> **Task objective**
All of the data below should come back exactly as written, minus its images.

> **Collected material**
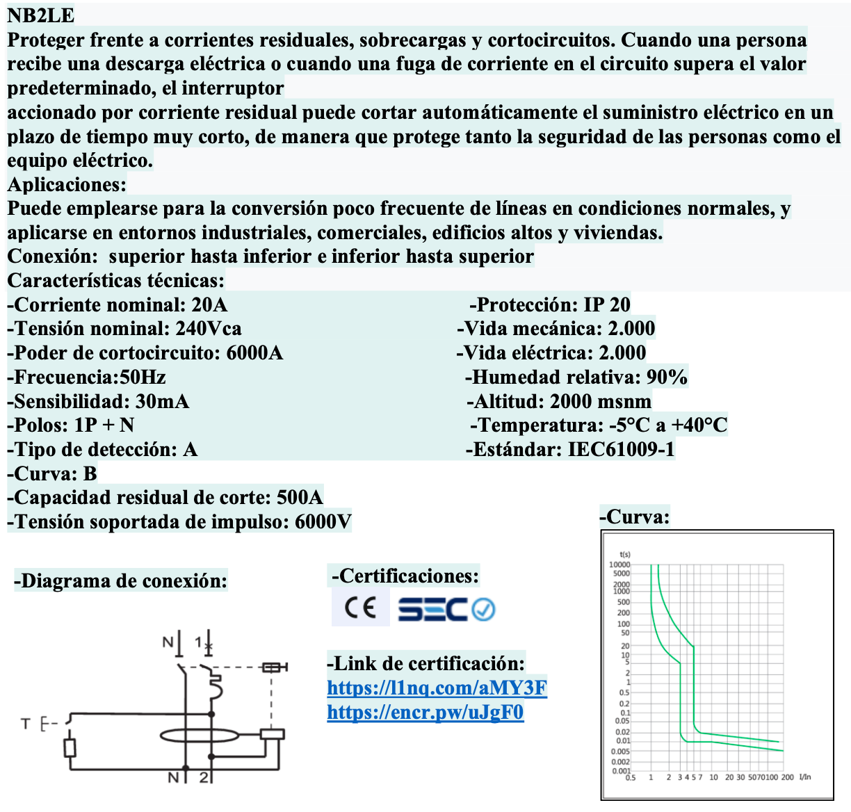 El CHINT NB2LE 1P+N 20A Curva B Tipo A 30mA es un interruptor automático diferencial que integra protección magnetotérmica y de fuga a tierra en un solo dispositivo. Diseñado para circuitos monofásicos, protege eficazmente contra sobrecargas, cortocircuitos y corrientes residuales, garantizando seguridad y continuidad en instalaciones eléctricas residenciales y comerciales. Su curva B lo hace adecuado para cargas resistivas (iluminación, calefacción), mientras que el tipo A ofrece protección frente a corrientes residuales alternas y pulsantes de corriente continua. Cumple con la norma IEC/EN 61009-1.
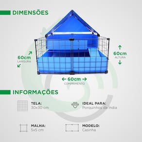 CARACTERÍSTICAS - Cores: Azul, Vermelho, Branco e Preto - Dimensões (LxCxA): 60x60x60cm - Telas: 30x30cm e 30x40cm - Malha: 5x5cm - Modelo: Casinha - Forração: Polionda - Fundo Aramado: Sim
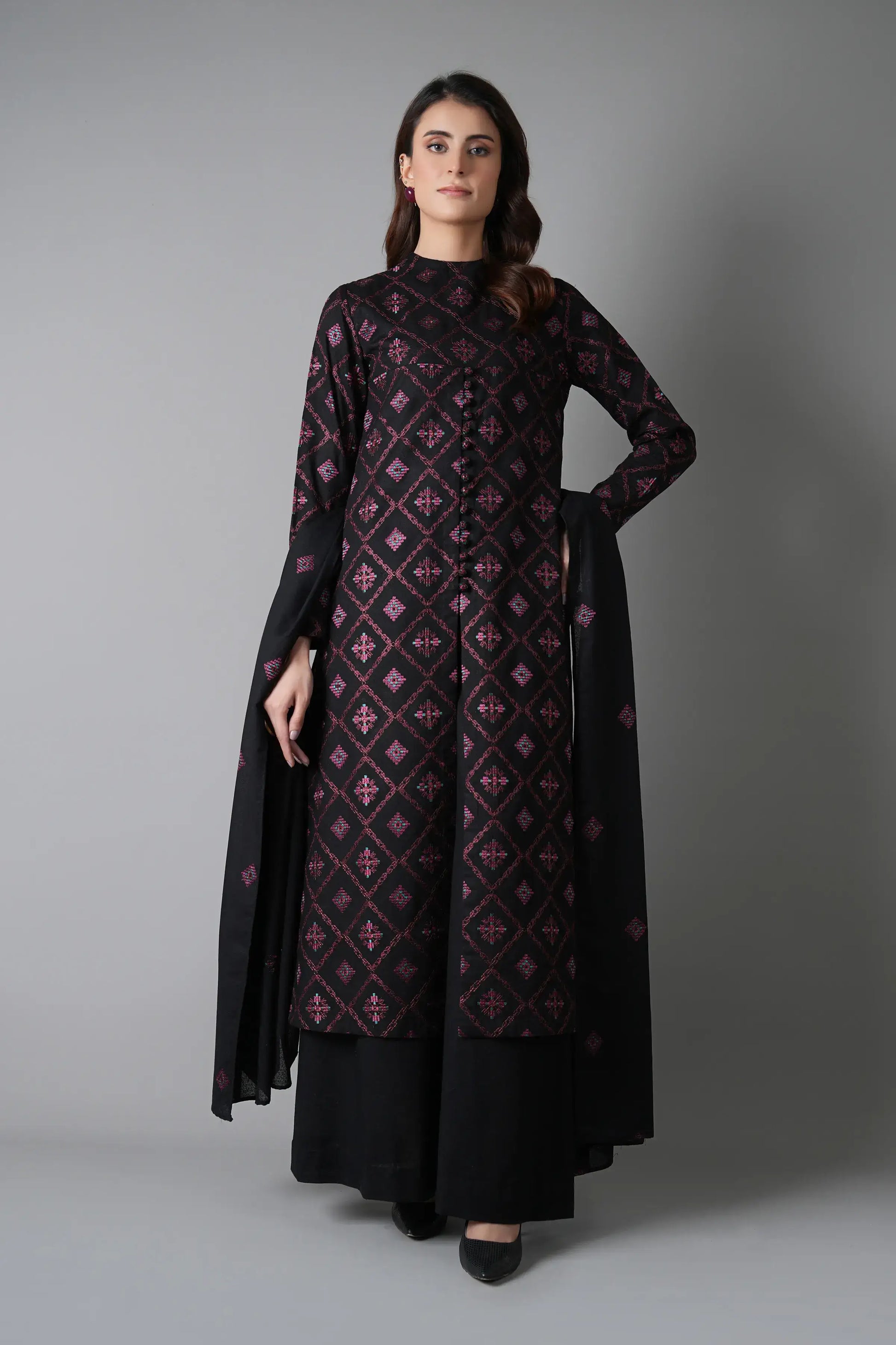 3 Piece Unstitched Heavy Embroidered Lawn Suit with Embroidered Chiffon Dupatta

> **Finished exercise**
 El CHINT NB2LE 1P+N 20A Curva B Tipo A 30mA es un interruptor automático diferencial que integra protección magnetotérmica y de fuga a tierra en un solo dispositivo. Diseñado para circuitos monofásicos, protege eficazmente contra sobrecargas, cortocircuitos y corrientes residuales, garantizando seguridad y continuidad en instalaciones eléctricas residenciales y comerciales. Su curva B lo hace adecuado para cargas resistivas (iluminación, calefacción), mientras que el tipo A ofrece protección frente a corrientes residuales alternas y pulsantes de corriente continua. Cumple con la norma IEC/EN 61009-1.
 CARACTERÍSTICAS - Cores: Azul, Vermelho, Branco e Preto - Dimensões (LxCxA): 60x60x60cm - Telas: 30x30cm e 30x40cm - Malha: 5x5cm - Modelo: Casinha - Forração: Polionda - Fundo Aramado: Sim
 3 Piece Unstitched Heavy Embroidered Lawn Suit with Embroidered Chiffon Dupatta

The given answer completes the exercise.